● **Exercise requirements**: The entries below contain pictures, which are to be left out; write out exactly, and only, the lines from the line with "她耳朵上佩戴了银色镶钻耳环,不仅修饰了脸型,还与裙身的流苏设计形成了和谐的统一。" up to and including the line with "Anillo de plata".

(Beginning of Source material)

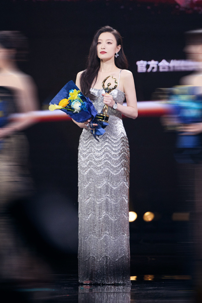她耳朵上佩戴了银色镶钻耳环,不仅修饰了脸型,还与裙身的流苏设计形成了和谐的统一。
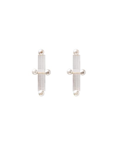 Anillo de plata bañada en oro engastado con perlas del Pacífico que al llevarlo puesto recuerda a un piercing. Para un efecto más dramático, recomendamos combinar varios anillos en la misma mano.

(End of Source material)
(Beginning of Source material)

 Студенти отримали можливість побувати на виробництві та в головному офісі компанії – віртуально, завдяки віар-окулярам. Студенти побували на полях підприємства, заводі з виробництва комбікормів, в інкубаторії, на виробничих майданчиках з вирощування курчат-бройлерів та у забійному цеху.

(End of Source material)
(Beginning of Source material)

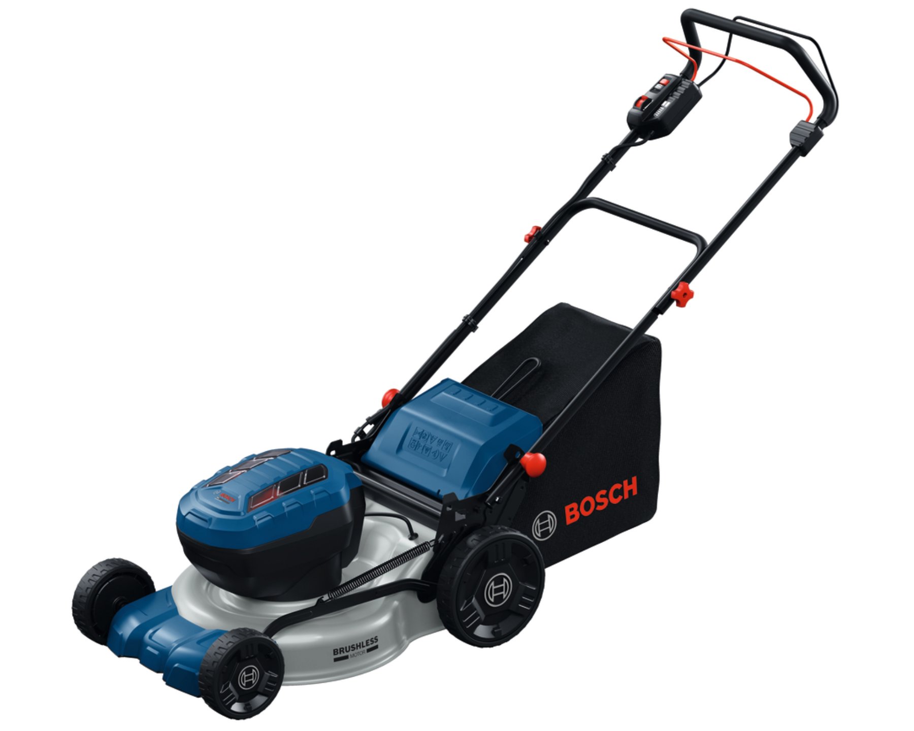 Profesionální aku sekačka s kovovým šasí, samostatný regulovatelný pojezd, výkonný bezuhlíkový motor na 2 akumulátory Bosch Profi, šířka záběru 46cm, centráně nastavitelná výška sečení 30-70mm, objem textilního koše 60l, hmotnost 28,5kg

(End of Source material)

● **Answer box**:
她耳朵上佩戴了银色镶钻耳环,不仅修饰了脸型,还与裙身的流苏设计形成了和谐的统一。
 Anillo de plata bañada en oro engastado con perlas del Pacífico que al llevarlo puesto recuerda a un piercing. Para un efecto más dramático, recomendamos combinar varios anillos en la misma mano.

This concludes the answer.